Published online 7 January 1999 | Nature | doi:10.1038/news990107-7

News

Deafening silence

To our brains, the meaning of a visual scene could be determined as much by what isn’t there, as by what is. In a report in Nature Neuroscience, Rajesh P. N. Rao of the Salk Institute, La Jolla, California, and Dana H. Ballard of the University of Rochetser, New York, describe a theoretical model called ‘predictive coding’ in which the stream of visual information entering the brain is progressively winnowed, so that the visual brain concentrates only on things that are different or unusual.

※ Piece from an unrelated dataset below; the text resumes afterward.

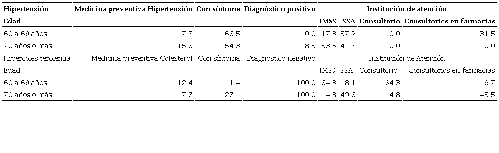 En la Tabla 10 se observa que la cantidad de adultos mayores que utiliza los servicios de detección para la hipertensión arterial es baja, representa apenas 7.8 por ciento de la población menor de 70 años y 15.6 por ciento de la población de 70 años o más. Más de la mitad llegó a la consulta con algún síntoma, pero en pocos casos el resultado del diagnóstico confirmó la enfermedad representan entre 8.5 y diez por ciento. Por lo que toca a la detección de niveles altos de colesterol apenas entre 7.7 y 12.4 por ciento de los adultos mayores acuden a las consultas de prevención, 27.1 por ciento de los adultos de 70 años presentaban algún síntoma y 11.4 por ciento de los adultos de 60 a 69 años. En 100 por ciento de los casos el examen de sangre confirmó el diagnóstico.

Although predictive coding explains much experimental evidence, it is the exact opposite of models of brain function in which neurons fire when they recognize certain preferred features in a scene. Which is right? As usual, only time and more research will tell.

When we turn our eyes on a scene, patterns of light are converted into neuronal impulses that travel to a part of the brain called the visual cortex. This is arranged hierarchically. Raw input comes into neurons in the lowest level. These neurons may be sensitive to particular features in a scene, such as lines, the orientation of edges, or colour contrasts, but do not apprehend the scene as a whole. These low-level neurons process these inputs and send outputs to the next level up. Several neurons from one level feed single neurons further up, until - several layers on - there are neurons able to integrate all the inputs and ‘comprehend’ the ‘big picture’.

Crucially, much evidence indicates that neurons at any level fire impulses actively when they recognize (or are trained to recognize) certain features in a visual scene, whether it is a simple oblique line, or something more complicated, such as a moonlit scene.

‘Predictive coding’ is different from this ‘feedforward’ model, in that objects are represented by the absence of firing activity - a deafening silence.

The idea of predictive coding is supported by a phenomenon called ‘end-stopping’. Take a neuron that’s sensitive to a segment of a straight line. Extend the line until each end goes beyond the ‘receptive field’ of the neuron (for each neuron has its own point of view) - and something odd happens. Rather than the neuron firing more intensely, it lessens its rate of firing until it stops. Why?

It could be, reason Rao and Ballard, that longer lines are more common in everyday visual scenes than shorter ones, so they are tuned out. A low-level neuron reporting lots of long lines will be ‘told’ by neurons in levels above that long lines are to be expected, so the low-level neuron ceases activity when it ‘sees’ long, straight lines. This process saves energy and processing time, reserving them in expectation of the unexpected (in this case, a scene with a lot of short line segments in it.)

Predictive coding is analogous to methods of data compression that save a lot of unnecessary work and memory. For example - in most natural scenes, the light intensity and colour value of neighbouring ‘pixels’ are usually closely correlated. It is simpler to encode something samey - a large red blob, say - by a kind of shorthand, in which the redness of most of the blob can be safely predicted from a few pixels. The constant firing of a battery of neurons sensitive to the colour red is unnecessary - but if the red blob starts sprouting green antennae, then that’s the time for neurons to perk up.

Predictive coding has a body of experimental support in its favour - but so does the traditional ‘feedforward’ model. It could be that the ‘feedforward’ model describes some aspects of visual processing, such as feature selectivity (neurons that fire at the sight of flying reindeer) and predictive coding describes others (the reliable redness of Santa’s cloak.) Undoubtedly, the real, live working brain is more complicated that the sum of its parts, and of the models used to describe how it works.